Security tool execution (nmap, metasploit, sqlmap, etc.)
Command-line operations in sandboxed environment
Output analysis and validation
Result documentation
Error handling and retry logic

Tools:

20+ professional pentesting tools in sandboxed containers
Shell access for custom commands
Memory storage for execution results
Knowledge graph updates with findings

Reasoning Pattern: Precise execution with focus on command accuracy, output interpretation, and failure recovery.

Agent Coordination

Agents communicate through a structured delegation system:

Delegation Process

1. Task Analysis: The orchestrator analyzes the user request and current context to determine which agent is most appropriate. 2. Context Preparation: Relevant information from memory and knowledge graph is assembled for the specialized agent. 3. Agent Invocation: The selected agent receives:

Specific task description
Available tools and their schemas
Historical context from similar operations
Constraints and safety parameters

4. Execution: The agent performs its specialized function using available tools and reasoning capabilities. 5. Result Integration: Outputs are stored in memory/knowledge graph and returned to the orchestrator. 6. Continuation: The orchestrator decides whether to delegate further tasks or synthesize results.

Agent Configuration

Each agent can be configured with different LLM models optimized for their specific roles:

# Example agent configuration from provider YAML
researcher:
  model: "gpt-4.1"
  temperature: 0.7
  max_tokens: 4096
  reasoning: "extended"  # For complex research analysis

developer:
  model: "claude-sonnet-4"
  temperature: 0.3
  max_tokens: 8192
  reasoning: "standard"  # For strategic planning

executor:
  model: "gpt-4.1-mini"
  temperature: 0.1
  max_tokens: 2048
  reasoning: "none"  # Fast, deterministic execution

Model Selection Considerations

Researcher: Benefits from models with strong reasoning capabilities and broad knowledge (e.g., Claude Sonnet, GPT-4.1, Gemini Pro).

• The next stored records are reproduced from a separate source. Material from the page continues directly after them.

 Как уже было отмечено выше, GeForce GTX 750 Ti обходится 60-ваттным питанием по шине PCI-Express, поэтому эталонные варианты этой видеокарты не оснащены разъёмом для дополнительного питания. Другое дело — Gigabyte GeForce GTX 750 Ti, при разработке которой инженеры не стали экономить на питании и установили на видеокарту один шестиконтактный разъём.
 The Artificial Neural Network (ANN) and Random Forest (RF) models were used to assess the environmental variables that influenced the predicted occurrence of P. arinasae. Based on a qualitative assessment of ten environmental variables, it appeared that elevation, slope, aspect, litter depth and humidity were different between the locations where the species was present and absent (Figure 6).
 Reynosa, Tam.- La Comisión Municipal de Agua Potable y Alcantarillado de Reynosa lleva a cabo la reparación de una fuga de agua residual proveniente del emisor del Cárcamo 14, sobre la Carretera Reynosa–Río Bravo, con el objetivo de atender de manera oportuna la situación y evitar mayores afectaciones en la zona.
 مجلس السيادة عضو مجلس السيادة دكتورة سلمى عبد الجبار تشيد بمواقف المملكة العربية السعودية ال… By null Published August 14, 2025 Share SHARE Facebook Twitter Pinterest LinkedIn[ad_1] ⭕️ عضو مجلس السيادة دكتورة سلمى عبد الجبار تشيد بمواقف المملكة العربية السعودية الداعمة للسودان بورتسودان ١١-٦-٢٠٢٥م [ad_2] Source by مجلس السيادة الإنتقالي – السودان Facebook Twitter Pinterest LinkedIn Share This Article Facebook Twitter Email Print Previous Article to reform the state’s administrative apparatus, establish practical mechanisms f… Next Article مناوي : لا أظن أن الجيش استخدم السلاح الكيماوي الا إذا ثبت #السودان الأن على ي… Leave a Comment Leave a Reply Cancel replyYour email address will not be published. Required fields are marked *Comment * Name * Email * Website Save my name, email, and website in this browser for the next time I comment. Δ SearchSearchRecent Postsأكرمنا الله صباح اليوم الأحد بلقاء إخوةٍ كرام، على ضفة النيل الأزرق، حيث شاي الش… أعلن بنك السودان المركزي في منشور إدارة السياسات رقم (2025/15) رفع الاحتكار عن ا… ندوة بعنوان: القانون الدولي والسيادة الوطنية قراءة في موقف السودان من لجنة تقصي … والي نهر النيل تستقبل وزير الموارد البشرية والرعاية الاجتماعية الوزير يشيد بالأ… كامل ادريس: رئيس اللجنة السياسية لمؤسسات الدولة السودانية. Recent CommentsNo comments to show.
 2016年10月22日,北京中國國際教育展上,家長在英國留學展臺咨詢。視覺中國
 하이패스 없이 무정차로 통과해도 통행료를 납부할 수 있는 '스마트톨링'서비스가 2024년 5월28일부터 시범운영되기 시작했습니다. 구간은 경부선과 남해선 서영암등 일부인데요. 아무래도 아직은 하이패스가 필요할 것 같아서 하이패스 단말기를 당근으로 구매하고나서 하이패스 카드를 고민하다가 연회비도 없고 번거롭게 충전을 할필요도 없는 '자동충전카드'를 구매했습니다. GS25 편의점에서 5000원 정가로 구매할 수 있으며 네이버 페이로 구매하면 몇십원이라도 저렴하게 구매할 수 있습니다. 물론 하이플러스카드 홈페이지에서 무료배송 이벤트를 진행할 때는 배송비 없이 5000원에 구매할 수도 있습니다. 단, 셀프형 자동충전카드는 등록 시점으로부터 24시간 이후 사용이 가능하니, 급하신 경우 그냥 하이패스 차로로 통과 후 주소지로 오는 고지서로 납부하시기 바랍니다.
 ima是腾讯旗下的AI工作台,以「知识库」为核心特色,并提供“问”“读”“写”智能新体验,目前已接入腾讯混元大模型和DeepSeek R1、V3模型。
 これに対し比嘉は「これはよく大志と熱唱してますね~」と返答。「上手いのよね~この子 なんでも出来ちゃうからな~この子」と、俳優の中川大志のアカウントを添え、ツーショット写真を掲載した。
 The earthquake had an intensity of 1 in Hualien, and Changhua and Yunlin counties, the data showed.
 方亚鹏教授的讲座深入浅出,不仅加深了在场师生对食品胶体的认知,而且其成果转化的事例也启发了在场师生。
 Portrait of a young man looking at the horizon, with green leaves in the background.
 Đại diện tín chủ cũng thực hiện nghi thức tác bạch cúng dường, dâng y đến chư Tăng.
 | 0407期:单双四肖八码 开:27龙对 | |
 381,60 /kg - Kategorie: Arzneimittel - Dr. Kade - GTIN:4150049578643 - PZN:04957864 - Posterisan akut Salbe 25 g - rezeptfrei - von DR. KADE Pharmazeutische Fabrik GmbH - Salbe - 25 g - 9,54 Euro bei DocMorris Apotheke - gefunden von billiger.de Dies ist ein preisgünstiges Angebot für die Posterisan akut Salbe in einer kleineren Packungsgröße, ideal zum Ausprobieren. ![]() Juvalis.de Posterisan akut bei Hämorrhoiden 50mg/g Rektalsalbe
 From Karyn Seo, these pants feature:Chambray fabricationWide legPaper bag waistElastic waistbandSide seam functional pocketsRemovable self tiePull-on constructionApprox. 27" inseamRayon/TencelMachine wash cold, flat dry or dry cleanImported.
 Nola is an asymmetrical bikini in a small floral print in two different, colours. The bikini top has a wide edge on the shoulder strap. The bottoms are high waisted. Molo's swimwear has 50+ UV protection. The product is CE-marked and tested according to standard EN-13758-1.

Developer: Requires models with excellent code generation and strategic thinking (e.g., Claude Sonnet, DeepSeek Coder, GPT-4.1). Executor: Optimized for speed and accuracy; smaller models often sufficient (e.g., GPT-4.1-mini, Claude Haiku, Gemini Flash).

Tool Access Control

Agents have different tool permissions based on their roles:

{
  "search_web": "Search the internet for information",
  "search_memory": "Query historical research findings",
  "search_knowledge_graph": "Find related vulnerabilities and targets",
  "browse_url": "Visit and analyze web pages",
  "analyze_service": "Examine service configurations"
}

Agent Communication Patterns

Sequential Delegation

Most common pattern where agents work in sequence:

Researcher gathers target information
Developer creates attack plan based on findings
Executor runs the planned attacks
Orchestrator synthesizes results

Agents may be called multiple times with updated context:

Parallel Investigation

For complex targets, multiple researchers may investigate different aspects simultaneously (planned feature).

Memory and Context Management

Agent-Specific Memory

Each agent type can filter memory searches to retrieve relevant past experiences:

// From memory.go implementation
filters := map[string]any{
    "flow_id":  flowID,
    "doc_type": "memory",
    "task_id":  taskID,      // Optional: specific task context
    "subtask_id": subtaskID, // Optional: specific subtask context
}

docs, err := store.SimilaritySearch(
    ctx,
    query,
    maxResults,
    vectorstores.WithScoreThreshold(0.2),
    vectorstores.WithFilters(filters),
)

Context Windows

Agents have different context window requirements:

Researcher: Large context (64K-100K tokens) for comprehensive analysis
Developer: Medium context (32K-64K tokens) for code and plans
Executor: Smaller context (8K-32K tokens) for focused operations

Chain Summarization

To manage growing conversation histories, PentAGI implements intelligent summarization:

Preserves recent messages in full detail
Summarizes older messages while maintaining critical information
Keeps tool calls and responses intact for debugging
Configurable thresholds per agent type

See Memory System for more details.

Agent Performance Optimization

Tool Call ID Detection

The system automatically detects LLM provider-specific tool call ID patterns:

// From agents.go implementation
template, err := DetermineToolCallIDTemplate(
    ctx, provider, agentType, prompter,
)
// Examples:
// OpenAI: "call_{r:24:x}"
// Anthropic: "toolu_{r:24:b}"
// Gemini: "{f}:{r:1:d}"

This enables proper function call tracking and response correlation.

Retry Logic

Agents implement sophisticated retry mechanisms:

Function call failures trigger retries with error context
Model timeouts result in fallback models
Invalid responses prompt self-correction
Configurable max retries per operation

Barrier Functions

Certain tools act as “barrier functions” that require human approval:

Destructive operations (data deletion, service shutdown)
Potentially illegal actions (without explicit authorization)
Operations affecting production systems

Enabling/Disabling Agent Delegation

Agent delegation can be controlled at multiple levels:

Global Default

# In .env file
ASSISTANT_USE_AGENTS=false  # Disable by default
ASSISTANT_USE_AGENTS=true   # Enable by default

Per-Assistant Configuration

Users can toggle agent delegation in the UI when creating or editing assistants, overriding the global default.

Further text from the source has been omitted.